• WHAT YOU ARE ASKED TO DO
Show every line of the data that contains the string "City".
═══ LISTED RECORDS
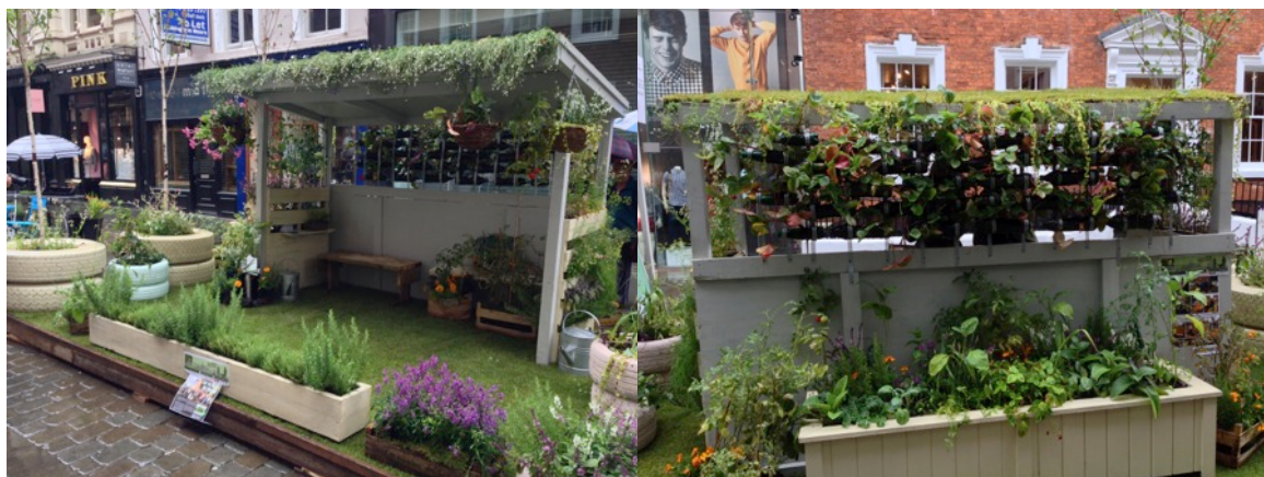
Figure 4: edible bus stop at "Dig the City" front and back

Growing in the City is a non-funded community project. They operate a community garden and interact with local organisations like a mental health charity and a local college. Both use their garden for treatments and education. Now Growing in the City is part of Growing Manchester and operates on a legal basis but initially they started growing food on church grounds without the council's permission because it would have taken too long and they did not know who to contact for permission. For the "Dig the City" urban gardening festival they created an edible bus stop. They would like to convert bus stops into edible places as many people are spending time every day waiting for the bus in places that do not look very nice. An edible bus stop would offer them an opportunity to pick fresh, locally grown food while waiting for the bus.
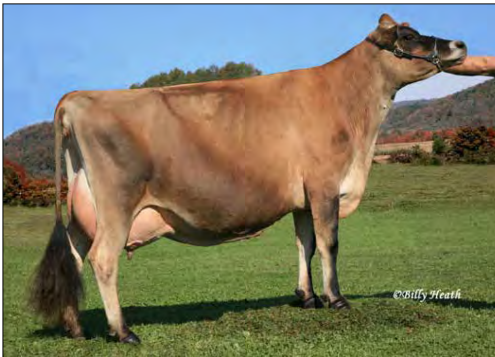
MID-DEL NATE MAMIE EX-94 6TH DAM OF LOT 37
══════
═══ LISTED RECORDS
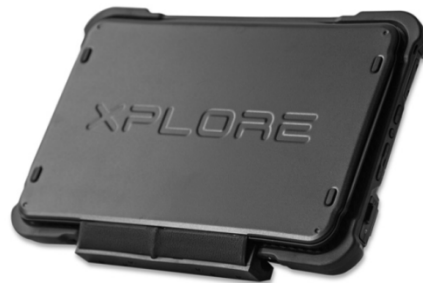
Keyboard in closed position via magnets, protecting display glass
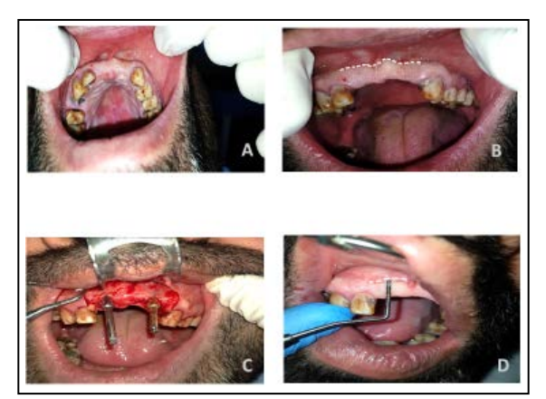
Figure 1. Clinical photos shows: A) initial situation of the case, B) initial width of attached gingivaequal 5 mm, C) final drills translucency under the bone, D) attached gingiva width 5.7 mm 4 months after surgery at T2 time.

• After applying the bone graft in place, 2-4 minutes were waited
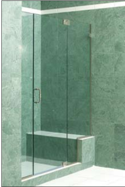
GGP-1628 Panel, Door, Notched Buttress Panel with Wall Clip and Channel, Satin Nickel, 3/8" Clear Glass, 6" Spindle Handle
══════
• EXERCISE RESPONSE
Figure 4: edible bus stop at "Dig the City" front and back
Growing in the City is a non-funded community project. They operate a community garden and interact with local organisations like a mental health charity and a local college. Both use their garden for treatments and education. Now Growing in the City is part of Growing Manchester and operates on a legal basis but initially they started growing food on church grounds without the council's permission because it would have taken too long and they did not know who to contact for permission. For the "Dig the City" urban gardening festival they created an edible bus stop. They would like to convert bus stops into edible places as many people are spending time every day waiting for the bus in places that do not look very nice. An edible bus stop would offer them an opportunity to pick fresh, locally grown food while waiting for the bus.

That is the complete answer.